- _Task directions_
Pictures are to be left out; every line from the one with "На первом этаже" through the end of the data must be transcribed exactly.

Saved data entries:
☆ ☆ ☆ ☆ ☆ ☆ ☆

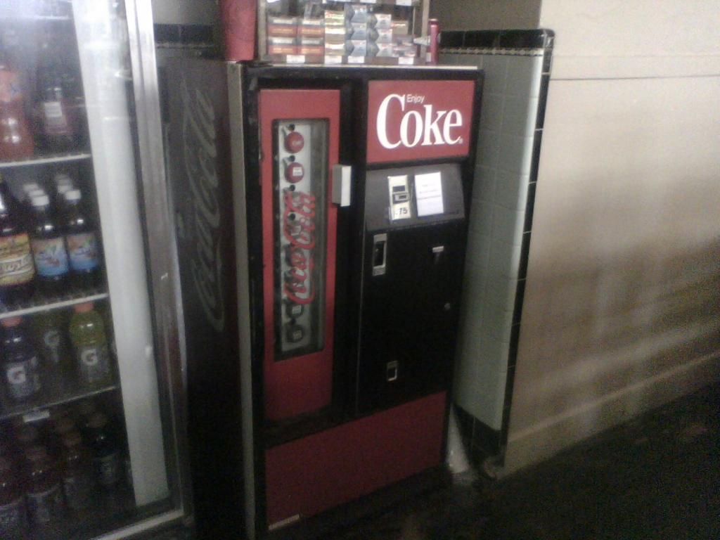 Vintage Coke vending machine at the hardware store my grandpa just retired from. It strongly resembles the one that was at the hardware store he ran when I was little :3
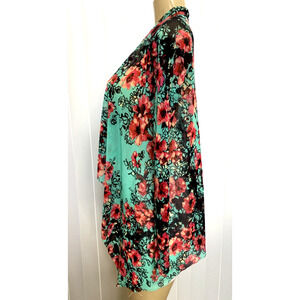 Fuzzi Open Cardigan Top Tulle Floral Blue Pink Mesh Long Sleeve Draped B…
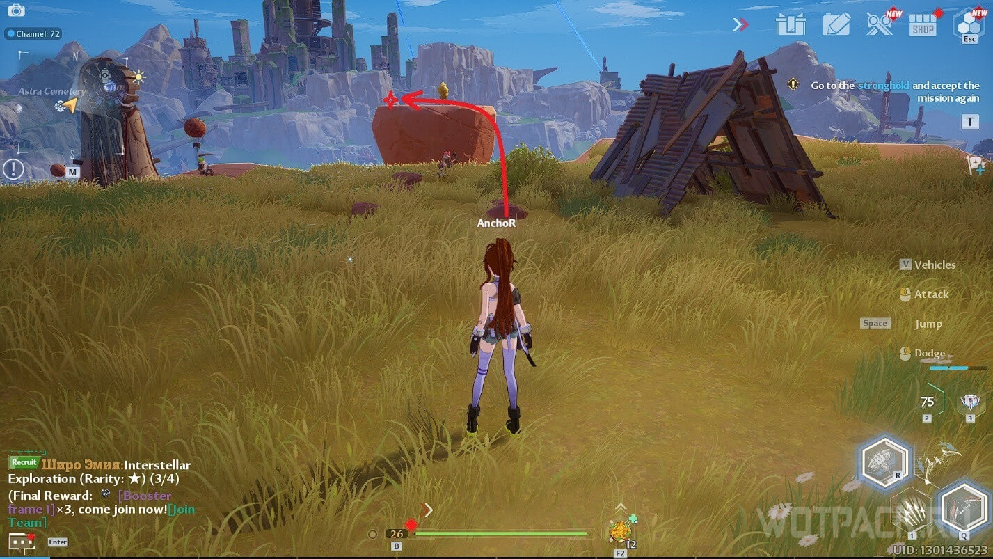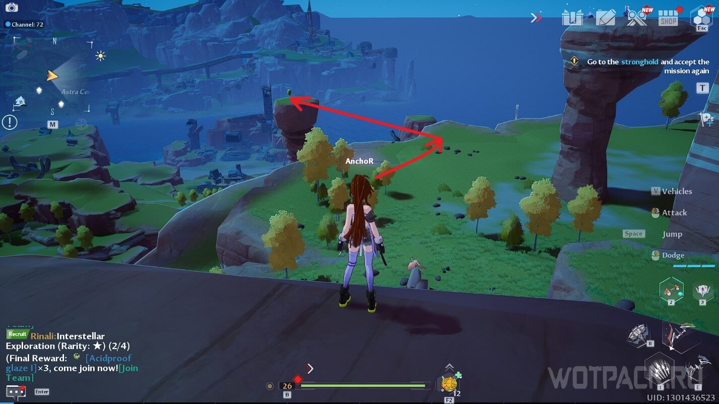 Телепортируйтесь в Astra Omnium Tower. Искомая точка находится недалеко от территории Football Field. Поверните направо и парите на северо-запад в место направления красной стрелки на скриншоте, постепенно спускаясь. Живописное место расположено перед футбольным полем.
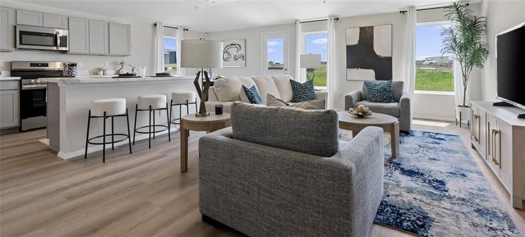 Designed with both style and functionality in mind, this single-level home showcases an open-concept layout where the kitchen, living, and dining areas come together and extend effortlessly to an outdoor patio. The private bedroom wing includes three bedrooms, highlighted by a serene owner's suite at the rear of the home featuring a full bath and walk-in closet. Photos are of a completed home. The color samples are what was chosen for this home's finishes. LEVEL, CORNER HOMESITE BACKING TO TREES!
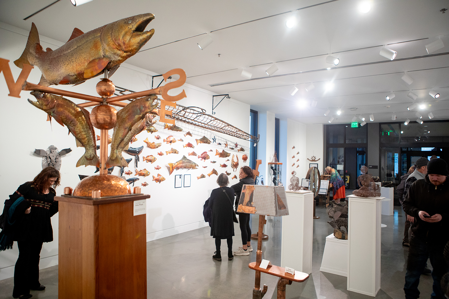 In the spirit of collaboration, friendship, and education, the Lower Elwha Klallam Tribe and Field Arts & Events Hall partnered to produce the very first show held in the new gallery at Field Hall. The show, titled “sčáy ʔaʔ cə nəxʷsƛ̕áy̕əm ʔay̕c̕ɬtáyŋxʷ” or “Creations by the Klallam People” showcased nəxʷsƛ̕áy̕əm artists from the Lower Elwha Klallam, Jamestown S’Klallam, and Port Gamble S’Klallam Tribes.
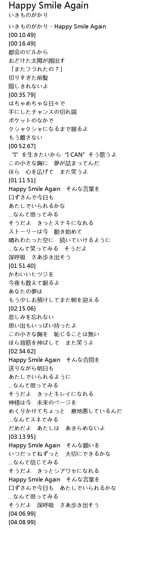 | [00:01.49] | いきものがかり - Happy Smile Again |
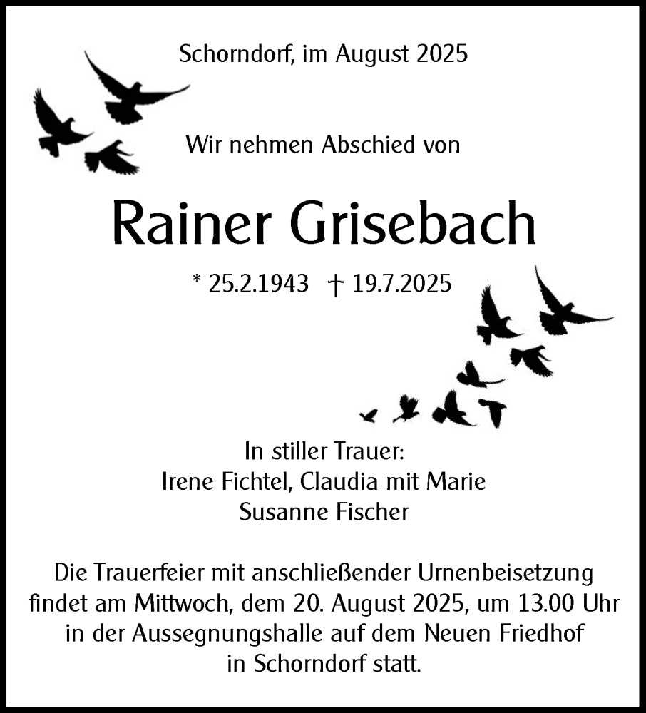 Hier finden Sie alle Traueranzeigen aus der Zeitung, die bisher für Rainer Grisebach erschienen sind. Weitere Traueranzeigen, die in der Zeitung erscheinen, werden hier ebenfalls aufgelistet
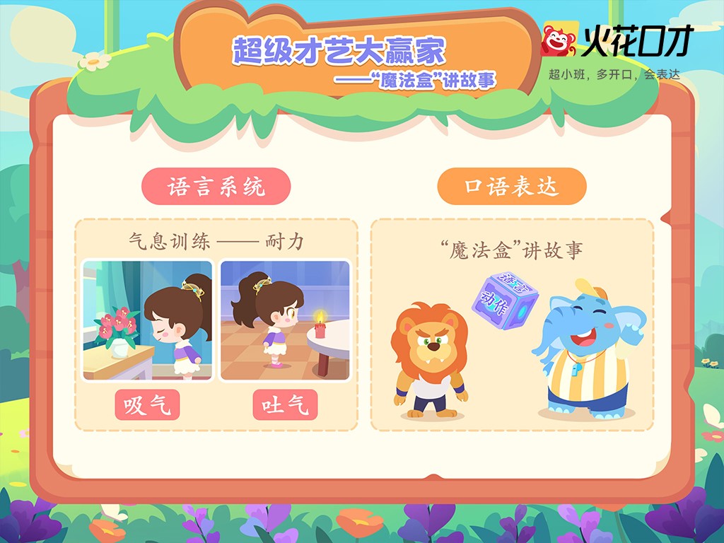如今,经过火花口才教研团队深度调研研发,火花口才课程将孩子们展现出的口才痛点逐一击破。首先,掌握口才能力,多说多练是关键。因此,火花口才课以超小班( 1v4 )系统语言训练课堂为载体,保证每个孩子的训练时长,并且采用“传统口才+新型口才”相结合的生活实用口才,从语言基础和口语表达两个方面,综合培养孩子们的表达能力。其次,为从根本上解决孩子“发音不清晰,不准确”的问题,火花口才独创的“口部操”融合了多维度的训练形式,创新推出以韵律式结合儿歌、拟声词、动物叫声等形式的口部锻炼形式,融合TPR教学法,让孩子全身动起来,将抽象的语言基础训练知识简单化,达到更好的锻炼效果。为了解决孩子语言表达难点,火花口才八大表达模型,包括波折图、魔法盒子等,会将概念具象化,孩子不仅看得懂,也知道如何应用于表达之中。
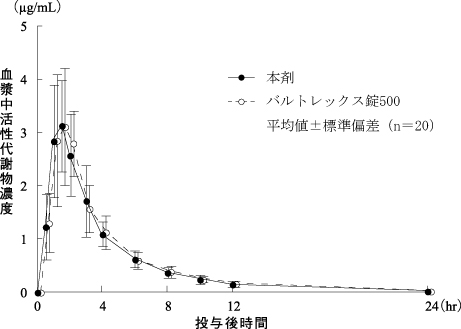 本剤とバルトレックス錠500を、クロスオーバー法によりそれぞれ1包又は1錠(バラシクロビルとして500mg)健康成人男性に絶食単回経口投与して血漿中活性代謝物(アシクロビル)濃度を測定し、得られた薬物動態パラメータ(AUC、Cmax)について90%信頼区間法にて統計解析を行った結果、log(0.80)~log(1.25)の範囲内であり、両剤の生物学的同等性が確認された6)。
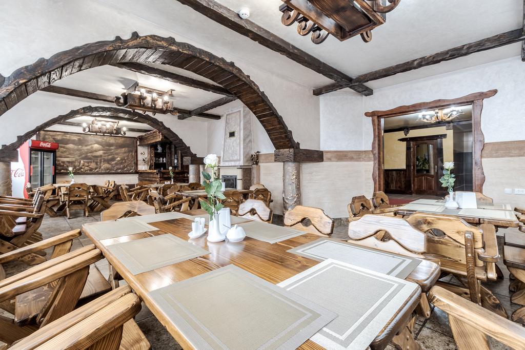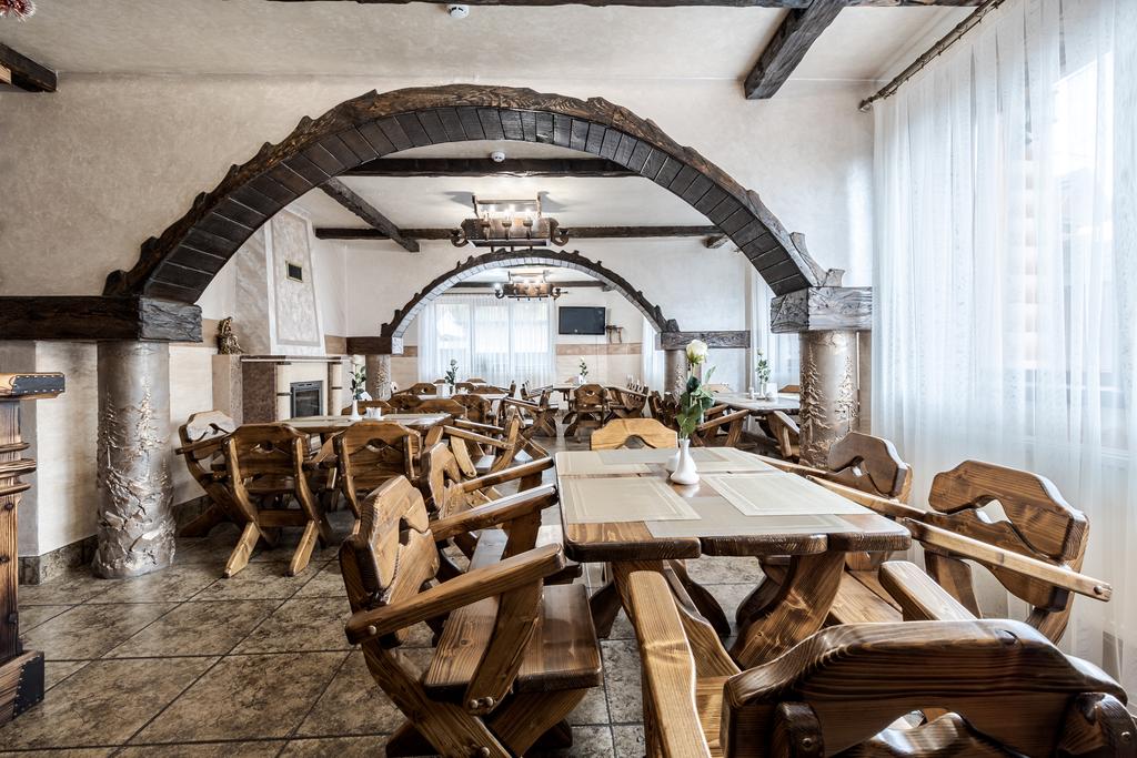 На первом этаже находится ресторан с террасой, лобби бар с каминным залом, где Вы можете попробовать пиво "Бартика" собственного производства.
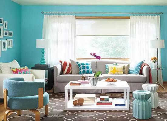 1.窗帘与墙面、家具要尽量避免相似色调,如墙是偏黄色调,而窗帘也采用米黄、杏黄,看似和谐,其实在如此配色的居室待久了,心理上难免会感到“晕”;又如淡湖色的墙面,采用中绿色的窗帘,虽色彩统一,但给人的感觉偏冷。
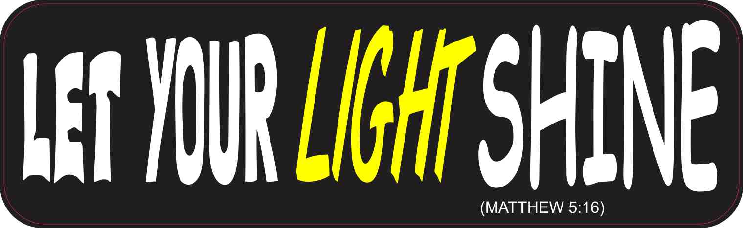 This bumper sticker is 10 inches wide by 3 inches tall when applied. It features the words, LET YOUR LIGHT SHINE; the word, LIGHT, is printed in florescent yellow letters, and the remainder of the text is printed in white. The verse location, (MATTHEW 5:16), is printed below in white letters. The sticker’s background is black. This carefully crafted product is a great way to share your faith!

☆ ☆ ☆ ☆ ☆ ☆ ☆

- _Exercise response_
 На первом этаже находится ресторан с террасой, лобби бар с каминным залом, где Вы можете попробовать пиво "Бартика" собственного производства.
 1.窗帘与墙面、家具要尽量避免相似色调,如墙是偏黄色调,而窗帘也采用米黄、杏黄,看似和谐,其实在如此配色的居室待久了,心理上难免会感到“晕”;又如淡湖色的墙面,采用中绿色的窗帘,虽色彩统一,但给人的感觉偏冷。
 This bumper sticker is 10 inches wide by 3 inches tall when applied. It features the words, LET YOUR LIGHT SHINE; the word, LIGHT, is printed in florescent yellow letters, and the remainder of the text is printed in white. The verse location, (MATTHEW 5:16), is printed below in white letters. The sticker’s background is black. This carefully crafted product is a great way to share your faith!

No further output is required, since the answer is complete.